Il faut dire que les clubs de l’élite semblent, bien malgré eux, être frappés de curieux trous mémoriels à l’heure d’évoquer la performance de leurs joueurs canables. Prenez ainsi le cas de Max-Alain Gradel. L’ailier stéphanois, dont l’arrivée dans le Forez a été notamment actée à la suite de ses performances avec les Eléphants, a eu le plaisir de découvrir un commentaire peu flatteur de son entraîneur quelques jours avant le début de la compétition : « Max s'est fait mal derrière une cuisse à la suite d'un sprint lors d'un entraînement, a rappelé l’air de rien le coach des Verts. Il s'est déplacé en Côte d'Ivoire sans les résultats des examens passés ici. J'ose espérer qu'il ne va pas aggraver sa blessure constatée il y a quelques jours. Il prend ses responsabilités, point. Je rappellerais  simplement à Max qu'il était revenu il y a deux ans avec une blessure à un genou qui était soi-disant "rien" mais pour laquelle une opération a été rendue nécessaire… »
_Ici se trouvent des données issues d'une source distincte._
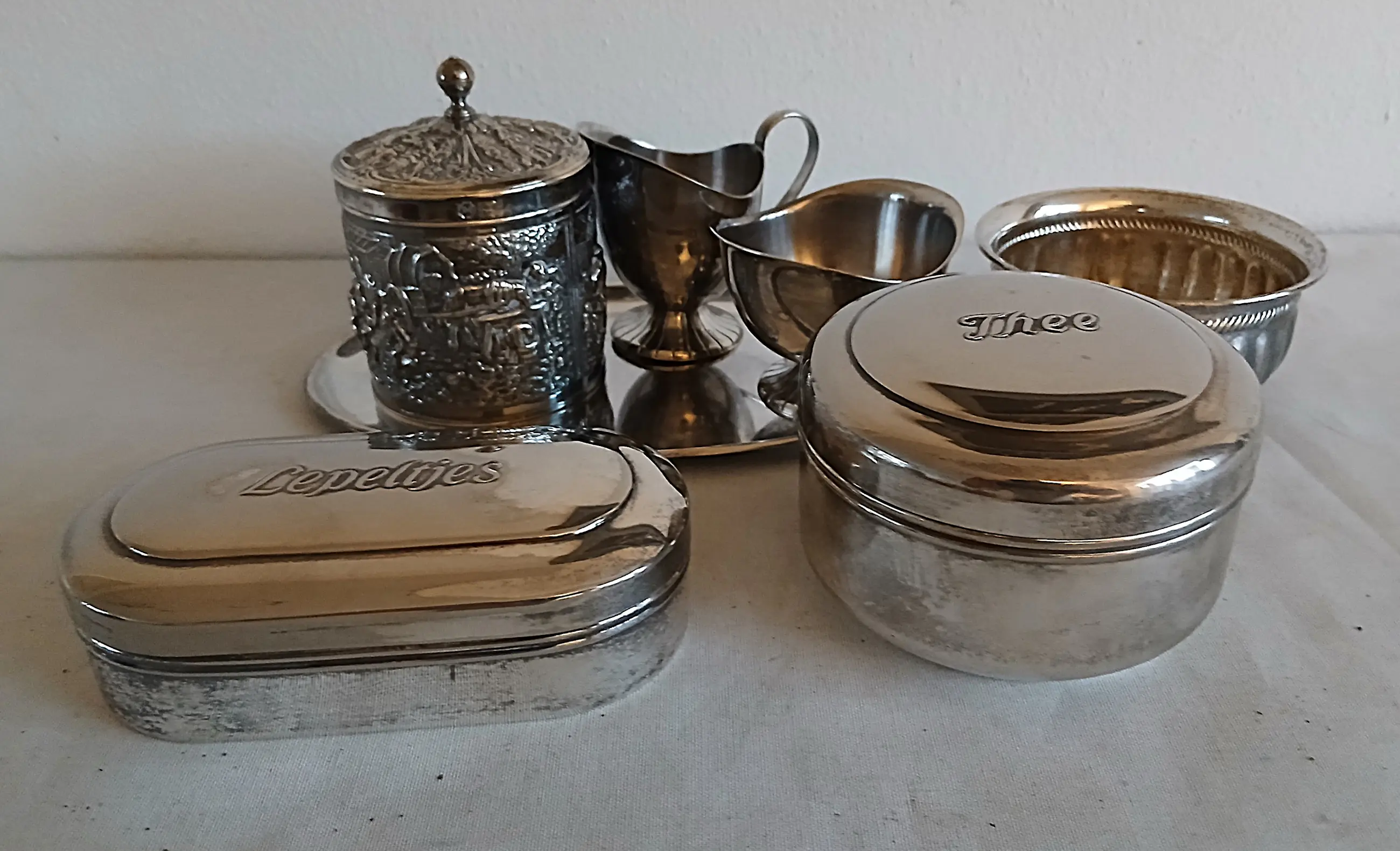 Overige toebehoren Lepelbakje 1: Hoogte ± 5 cm / Lang ± 14–20 cm / Breed ± 7,5 Theebakje 2: Hoogte ± 7 cm / Diameter± 10,5 cm Bakje 3: Hoogte ± 5,5 cm / Diameter± 10 cm De toebehoren is nog in prima bruikbare staat (gebruiksporen door de tijd en los scharniertje lepeldoosje)

Si les dirigeants français, à la différence de leurs homologues britanniques, n’usent que très ponctuellement d’intimidations et de menaces de punition prolongée à l’égard des joueurs participant à la CAN, ils font parfois preuve d’un dédain voire d’un mépris qui ne colle que très mal avec leur politique de recrutement. Bien évidemment, payer un joueur alors qu’il ne peut prétendre évoluer avec vous pour une durée minimum d’un mois tous les deux ans est un obstacle majeur. Pourtant, celui-ci ne freine pas les recruteurs à converger avec appétit vers le pays organisateur de la Coupe d’Afrique dans l’espoir d’attirer un ou deux nouveaux éléments.

Car voilà, comme le rappelait sans emphase Sagnol, le joueur africain est habituellement « pas cher, prêt au combat et puissant sur le terrain ». Quid dès lors de l’argument de la CAN ?  Quid aussi de l’exploration de filières étrangères encore sous exploitées (pays nordiques, pays d’Europe centrale, continent asiatique…) ? Quid, enfin et surtout, de l’incorporation d’éléments peu utilisés ou issus du centre de formation durant la durée du tournoi ? A Auxerre, du temps où Guy Roux officiait encore, une règle tacite visant à limiter le nombre de joueurs africains potentiellement sélectionnables au sein de son effectif avait été mise en place afin de ne pas voir ce dernier être décimé.

Récemmen, René Girard n’avait, lui, pas hésité à changer d’organisation et à offrir une place de titulaire à Stambouli et Cabella afin de pallier les absences de Saihi, Belhanda, El Kaoutari. Un choix qui n’avait pas empêché Montpellier de décrocher son unique titre de champion de France aux dépens du Paris Saint-Germain... Alors oui, le visage de la Ligue 1 au cours des mois de janvier et février (5 journées de L1, 2 tours de Coupe de France et 1 de Coupe de la Ligue) va subir un lifting important dont les nouveaux traits vont très certainement influer sur la course au titre ou sur celle consistant à éviter à la relégation. Mais il serait, en revanche, pour le moins maladroit d’en écrire l’histoire des conséquences à l’aune de la seule Coupe d’Afrique des Nations.